Your Death Would Be Mine; Paul and Marie Pireaud in the Great War by Martha Hanna, page 78, copyright © 2006 by Martha Hanna, publisher: Harvard University Press, publication date: 2006
(2) French Infantry Corporal Louis Barthas rotated into the Verdun sector on May 6, 1916, moved to the front line on the 11th, and moved out the night of May 18-19. Due to French commander Henri Philippe Pétain's policy of short rotations, some 80% of the French army rotated through Verdun during the Battle. Barthas records that his reserve regiment suffered as many as 1,050 killed, wounded, and missing. When the losses were replaced with young men, the regiment was made an active duty, regular regiment. Barthas, who had previously been broken in rank, was made a corporal again.

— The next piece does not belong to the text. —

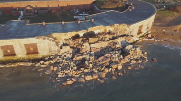 An intense storm caused a wall collapse in iconic Hurst Castle, England. The Hurst Castle is loca...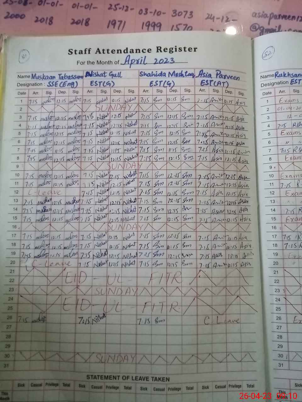 | 35**** | Ru**** Sh**** | Regular | 9 | 0 | 0 | 0 | 0 | 0 | 0 | 8 | 1 | Exam Duty | |

Poilu: The World War I Notebooks of Corporal Louis Barthas, Barrelmaker, 1914-1918 by Louis Barthas, page 218, copyright © 2014 by Yale University, publisher: Yale University Press, publication date: 2014
(3) After five Battles of the Isonzo River along the Italian-Austro-Hungarian border in northeast Italy, battles in which Austria-Hungary stood on the defensive, the Austrians struck in northern Italy from Trentino on May 15, 1916 in the Asiago Offensive, and made great advances that threatened to break through from the mountains to Italy's northern plain, isolating the Italian armies. French Commander in Chief Joffre, preparing an Anglo-French offensive on the Somme River, and desperately battling at Verdun, was not yet ready for an offensive. Alexeyev was Chief of Staff to Commander in Chief of Tsar Nicholas II. Stavka was the Russian general staff. General Brusilov was preparing an offensive, and was both ready and willing to strike sooner rather than later.

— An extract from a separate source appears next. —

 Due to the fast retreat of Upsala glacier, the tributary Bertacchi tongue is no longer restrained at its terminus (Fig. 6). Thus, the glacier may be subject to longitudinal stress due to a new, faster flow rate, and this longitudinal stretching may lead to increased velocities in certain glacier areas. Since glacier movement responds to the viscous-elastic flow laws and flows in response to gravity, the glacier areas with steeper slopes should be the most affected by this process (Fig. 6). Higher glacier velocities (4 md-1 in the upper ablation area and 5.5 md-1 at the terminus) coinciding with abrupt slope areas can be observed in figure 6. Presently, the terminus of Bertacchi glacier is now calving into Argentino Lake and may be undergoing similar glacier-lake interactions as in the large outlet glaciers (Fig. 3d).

The Eastern Front, 1914-1917 by Norman Stone, page 246, copyright © 1975 Norman Stone, publisher: Charles Scribner's Sons, publication date: 1975
(4) Excerpts from the entry for May 26, 1916,from the memoirs of Maurice Paléologue, French Ambassador to Imperial Russia. Tsar Nicholas and the royal family were increasingly isolated from Russia's elites, the Duma, Russia's legislative assembly, large segments of workers and the military. An autocrat, the Tsar accommodated representative government and the Duma only under duress. He remain in power little more than 40 weeks from the date on which Paléologue wrote.
An Ambassador's Memoirs Vol. II by Maurice Paléologue, page 265, publisher: George H. Doran Company
(5) Extract from a letter of French Artilleryman Paul Pireaud to his wife Marie on May 27, 1916. Pireaud's unit, the 112th Heavy Artillery Regiment, moved into the Verdun sector in early April. Although French commander Pétain rotated infantry units after seven or eight days, but it was much more difficult to do so with the artillery.